[Records supplied — start]

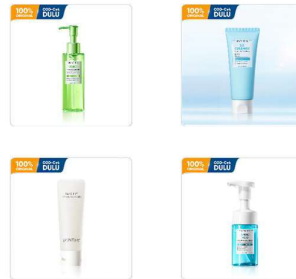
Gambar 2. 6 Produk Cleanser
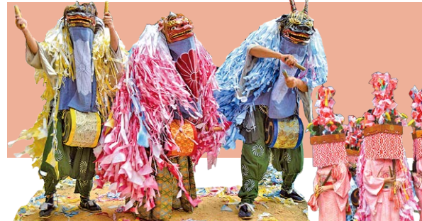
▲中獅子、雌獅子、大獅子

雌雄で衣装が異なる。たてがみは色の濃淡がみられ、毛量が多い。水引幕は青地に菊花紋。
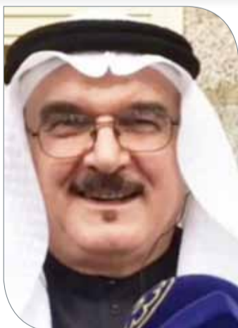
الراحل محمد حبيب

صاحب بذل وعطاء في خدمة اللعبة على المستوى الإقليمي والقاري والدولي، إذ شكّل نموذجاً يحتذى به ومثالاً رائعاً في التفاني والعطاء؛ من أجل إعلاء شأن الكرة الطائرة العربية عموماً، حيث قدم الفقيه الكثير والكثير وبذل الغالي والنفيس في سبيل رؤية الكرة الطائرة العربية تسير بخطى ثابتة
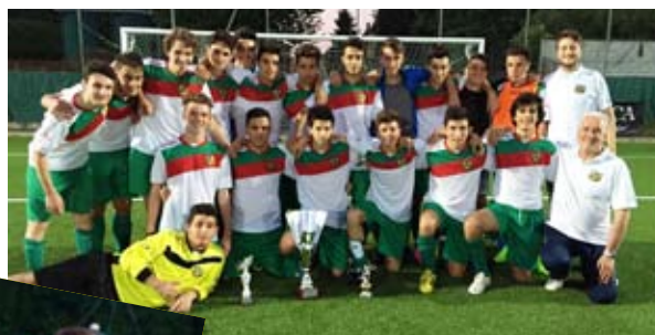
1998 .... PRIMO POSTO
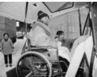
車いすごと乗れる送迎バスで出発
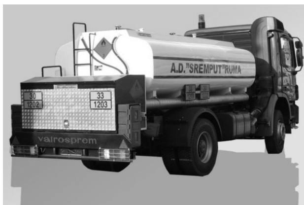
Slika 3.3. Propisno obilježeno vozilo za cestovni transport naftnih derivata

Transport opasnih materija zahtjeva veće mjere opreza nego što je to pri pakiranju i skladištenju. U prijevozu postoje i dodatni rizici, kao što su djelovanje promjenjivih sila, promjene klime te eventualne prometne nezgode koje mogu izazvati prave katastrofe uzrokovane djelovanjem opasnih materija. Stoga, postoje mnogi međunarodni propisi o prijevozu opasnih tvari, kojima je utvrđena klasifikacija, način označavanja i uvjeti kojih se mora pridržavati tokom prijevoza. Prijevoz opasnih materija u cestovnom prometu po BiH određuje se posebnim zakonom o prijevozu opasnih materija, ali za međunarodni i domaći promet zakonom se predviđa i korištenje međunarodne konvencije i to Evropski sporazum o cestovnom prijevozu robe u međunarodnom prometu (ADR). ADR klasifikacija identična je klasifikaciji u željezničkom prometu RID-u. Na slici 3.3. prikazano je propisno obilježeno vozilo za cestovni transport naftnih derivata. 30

[Records supplied — finish]

## The task
The lines that contain the word "obilježeno" are wanted; copy each of them from the records.

## The answer
Slika 3.3. Propisno obilježeno vozilo za cestovni transport naftnih derivata
Transport opasnih materija zahtjeva veće mjere opreza nego što je to pri pakiranju i skladištenju. U prijevozu postoje i dodatni rizici, kao što su djelovanje promjenjivih sila, promjene klime te eventualne prometne nezgode koje mogu izazvati prave katastrofe uzrokovane djelovanjem opasnih materija. Stoga, postoje mnogi međunarodni propisi o prijevozu opasnih tvari, kojima je utvrđena klasifikacija, način označavanja i uvjeti kojih se mora pridržavati tokom prijevoza. Prijevoz opasnih materija u cestovnom prometu po BiH određuje se posebnim zakonom o prijevozu opasnih materija, ali za međunarodni i domaći promet zakonom se predviđa i korištenje međunarodne konvencije i to Evropski sporazum o cestovnom prijevozu robe u međunarodnom prometu (ADR). ADR klasifikacija identična je klasifikaciji u željezničkom prometu RID-u. Na slici 3.3. prikazano je propisno obilježeno vozilo za cestovni transport naftnih derivata. 30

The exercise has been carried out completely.